I've been teaching a lot at NES in Lamphun, a small town about 30km from Chiang Mai, which ends up being about a three-hour round-trip commute from my apartment.  I did a book which took forever to send to New York thanks to technical difficulties, the Fourth of July, and the language barrier.  I had to go to Mae Sai (to renew my visa) last week and I missed the bus back to Chiang Mai, instantly turning the day into a 13-hour "travel adventure".  So with one thing and another, I hadn't realized it'd been a while since I'd written. 

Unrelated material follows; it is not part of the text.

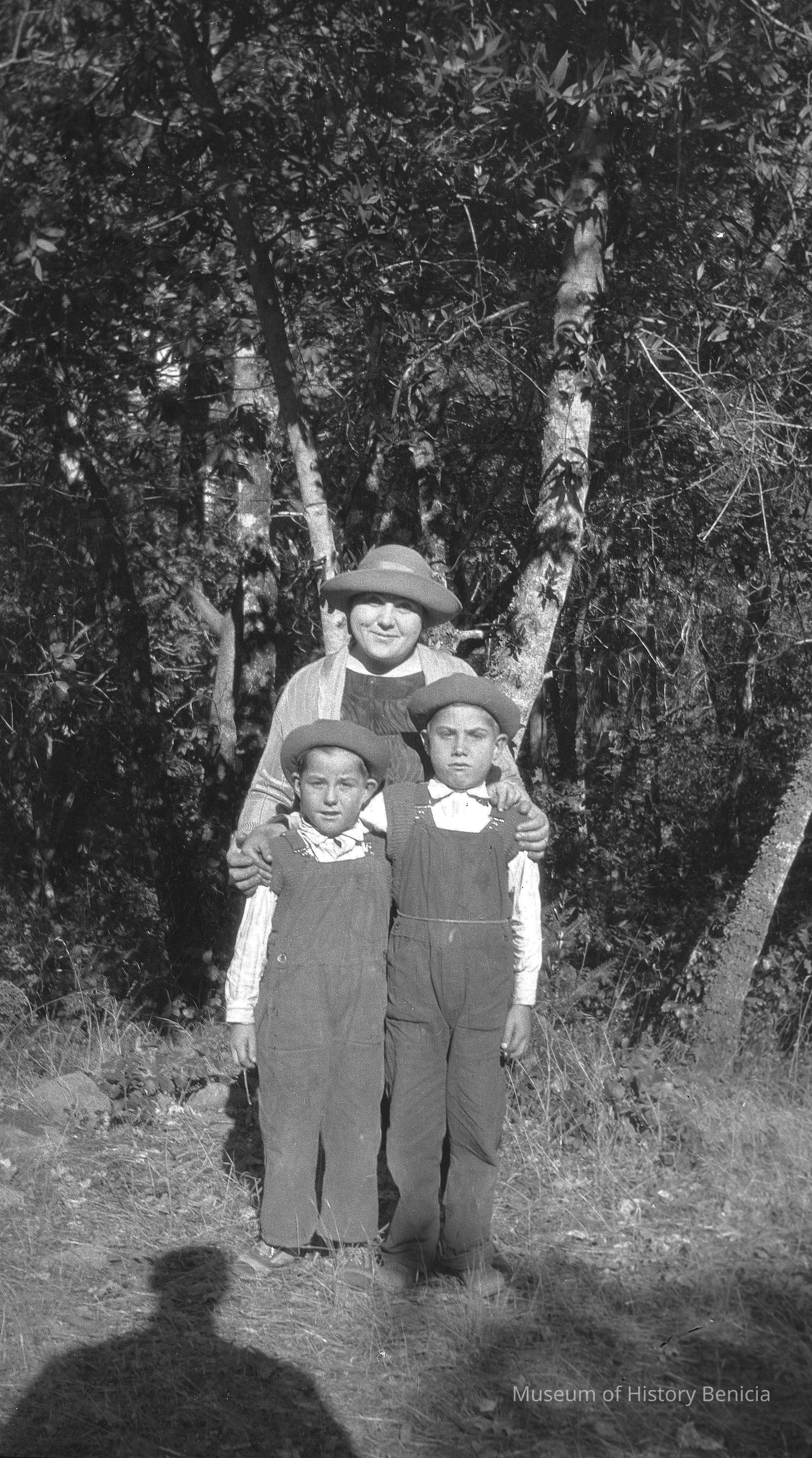 A woman wearing a hat and standing with two boys who are wearing identical outfits. Woman and two boys in the woods. Looks like Mary Canessa.Collection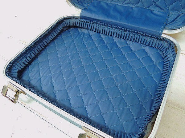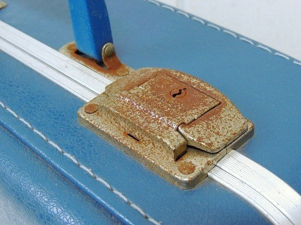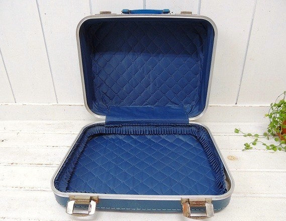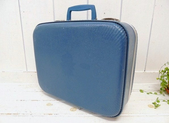 アメリカ見つけました・・青色の小さなヴィンテージ・スーツケース(トランク)です。

 I've gotten a great new job that kind of just landed in my lap when I wasn't looking.  I'll be teaching full time, Monday-Friday 8-3, at a private Christian academy called Dara Academy, and I start tomorrow.  I'll be teaching kindergarten classes, doing "Fun With English" -- going into their regular classes where their Thai teacher will still be there for 30-minute sessions with them.  It kind of feels like what I had with French when I was in kindergarten, and that would seem to have a nice symmetry to it, if I'm doing that now with English.  The classes are bigger than the ones at NES, significantly so, but the ones I've observed have been better in every way.  The kids are interested and well-behaved and interactive, and as an added bonus the Thai teacher is there mainly to assist with discipline if it should be needed. 

They're not sure exactly what curriculum they want me to be doing since this is a new program, but I'm supposed to do things like games, activities, crafts, and songs rather than reading them stories or having them do worksheets.  They're also not sure how many classes I'll be teaching right off.  One I think will be Level One, which is 2 1/2-3 years old, and they really are seriously, seriously cute.  I'll have one of that age group and the others Level 3, two years older.  It'll be "play it by ear" for a while, but I can do that.   

I'll also be working as a sub for when other English teachers are out.  This is a huge school, age 3 to 18, with some 8,000 students and 400 teachers.  Only about 30 are English teachers, though; this is a regular school, so all subjects are taught, obviously mostly in Thai. 

The other part that excites me is that they want me to "help" with the annual end-of-school English play.  I have no idea at this point what that will mean -- I could be in charge of the whole thing, or something else entirely.  The director told me that she wanted me to start from scratch, from choosing the play to casting and directing and delegating responsibilities to everyone else.  So that's a huge responsibility, but I'd enjoy it.  It'll take a lot of patience, but so does living in Thailand in general.   

The job includes visa and work permit (meaning that I won't have to venture into Myanmar any more when the papers are all taken care of).  I'm pretty over the moon.  I just think it's going to be wonderful.  I'm nervous about the first week, but I'll get through it.  I love that it's a Christian school (Church of Christ) and that there are so many other English teachers; that it's much more of a real teaching job, but still in the overwhelmingly warm, forgiving environment of Thailand.  A Christian school where I can fall back on all of those old Bible School standards will be a big plus for me...in one of the classrooms I was in last week there was the exact same portrait of Jesus that I've seen all my life in one church or another.  I see "Arky Arky" in the not-too-distant future.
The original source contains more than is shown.